Beginning with the line that contains "Green Cotton Saree", transcribe the rest of the listing below exactly, including its last line, and exclude any pictures.

☆ ☆ ☆ ☆

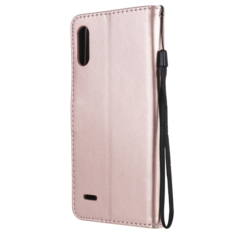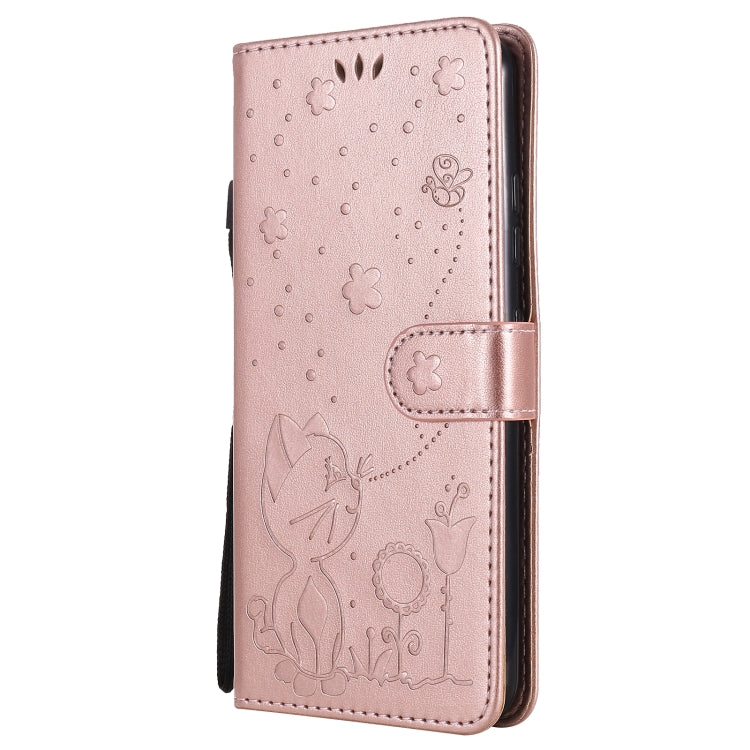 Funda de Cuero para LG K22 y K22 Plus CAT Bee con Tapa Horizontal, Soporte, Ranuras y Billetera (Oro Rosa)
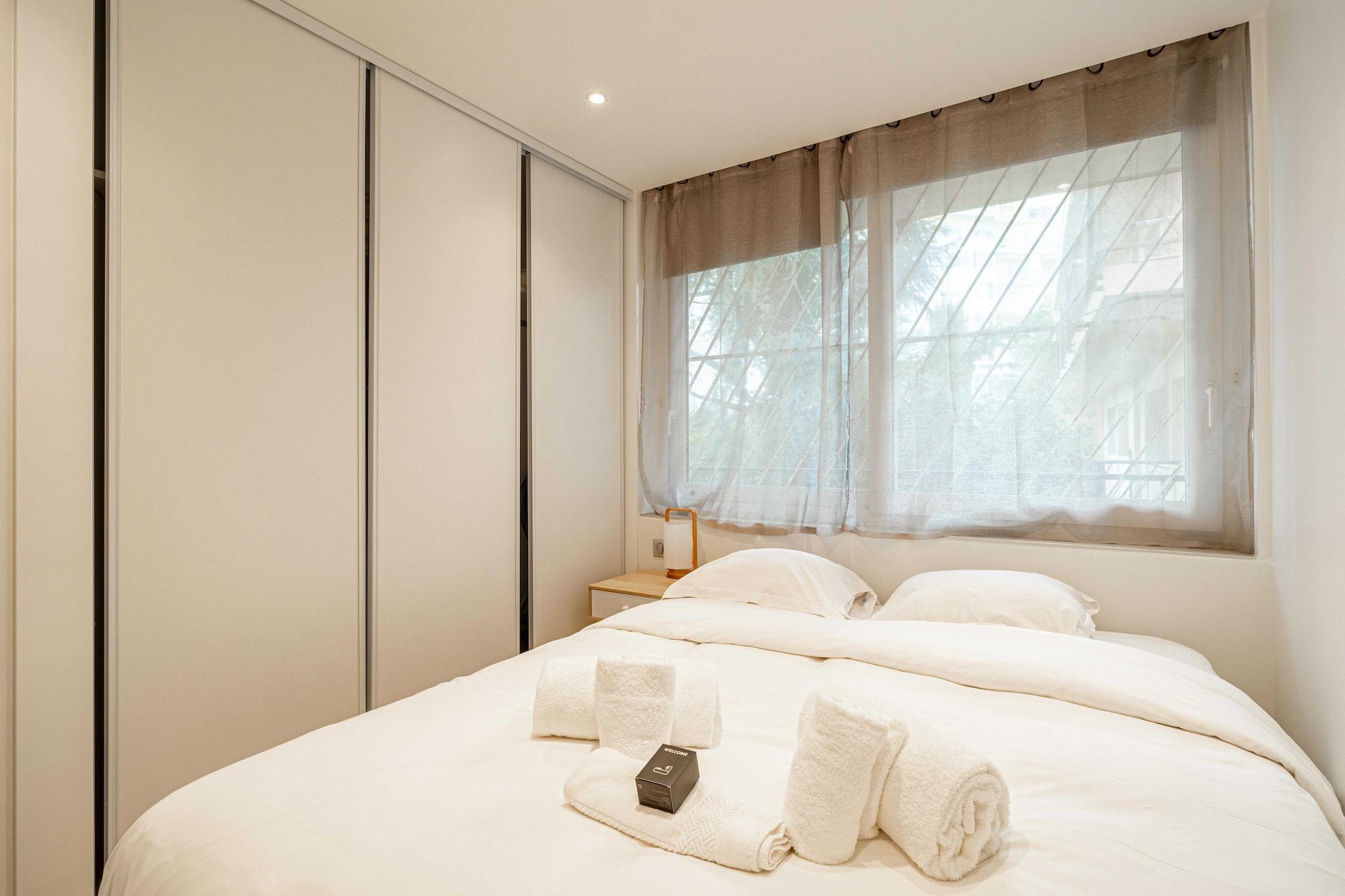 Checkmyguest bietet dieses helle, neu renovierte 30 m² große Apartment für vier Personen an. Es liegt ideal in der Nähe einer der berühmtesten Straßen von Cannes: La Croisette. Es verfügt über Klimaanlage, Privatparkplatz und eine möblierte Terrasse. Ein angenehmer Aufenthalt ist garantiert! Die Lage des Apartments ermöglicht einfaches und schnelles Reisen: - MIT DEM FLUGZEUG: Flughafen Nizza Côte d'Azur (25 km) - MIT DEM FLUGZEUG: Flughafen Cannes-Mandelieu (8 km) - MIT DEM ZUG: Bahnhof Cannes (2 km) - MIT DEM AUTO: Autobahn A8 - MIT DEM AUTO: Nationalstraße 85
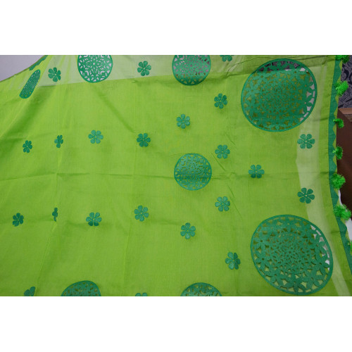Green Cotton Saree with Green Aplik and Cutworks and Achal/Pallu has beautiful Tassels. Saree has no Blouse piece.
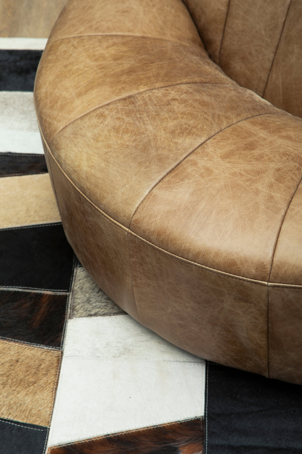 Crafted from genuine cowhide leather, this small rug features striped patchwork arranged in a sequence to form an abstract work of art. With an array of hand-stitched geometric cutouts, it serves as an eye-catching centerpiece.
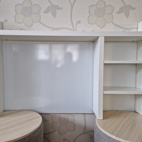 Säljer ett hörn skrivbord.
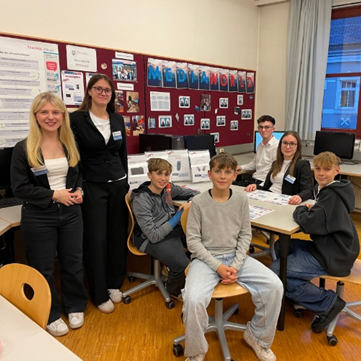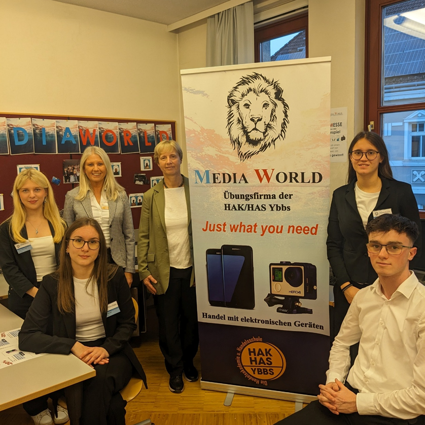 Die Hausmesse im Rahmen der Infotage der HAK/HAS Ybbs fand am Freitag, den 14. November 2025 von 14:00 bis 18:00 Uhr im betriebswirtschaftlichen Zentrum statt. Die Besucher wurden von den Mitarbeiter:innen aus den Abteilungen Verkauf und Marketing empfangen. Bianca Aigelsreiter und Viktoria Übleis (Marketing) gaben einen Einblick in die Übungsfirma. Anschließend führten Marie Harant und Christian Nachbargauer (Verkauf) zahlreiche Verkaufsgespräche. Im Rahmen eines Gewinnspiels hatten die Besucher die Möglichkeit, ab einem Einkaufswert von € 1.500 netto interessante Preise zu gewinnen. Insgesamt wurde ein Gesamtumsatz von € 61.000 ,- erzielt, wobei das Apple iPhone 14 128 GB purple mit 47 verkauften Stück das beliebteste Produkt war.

☆ ☆ ☆ ☆

# Your response
Green Cotton Saree with Green Aplik and Cutworks and Achal/Pallu has beautiful Tassels. Saree has no Blouse piece.
 Crafted from genuine cowhide leather, this small rug features striped patchwork arranged in a sequence to form an abstract work of art. With an array of hand-stitched geometric cutouts, it serves as an eye-catching centerpiece.
 Säljer ett hörn skrivbord.
 Die Hausmesse im Rahmen der Infotage der HAK/HAS Ybbs fand am Freitag, den 14. November 2025 von 14:00 bis 18:00 Uhr im betriebswirtschaftlichen Zentrum statt. Die Besucher wurden von den Mitarbeiter:innen aus den Abteilungen Verkauf und Marketing empfangen. Bianca Aigelsreiter und Viktoria Übleis (Marketing) gaben einen Einblick in die Übungsfirma. Anschließend führten Marie Harant und Christian Nachbargauer (Verkauf) zahlreiche Verkaufsgespräche. Im Rahmen eines Gewinnspiels hatten die Besucher die Möglichkeit, ab einem Einkaufswert von € 1.500 netto interessante Preise zu gewinnen. Insgesamt wurde ein Gesamtumsatz von € 61.000 ,- erzielt, wobei das Apple iPhone 14 128 GB purple mit 47 verkauften Stück das beliebteste Produkt war.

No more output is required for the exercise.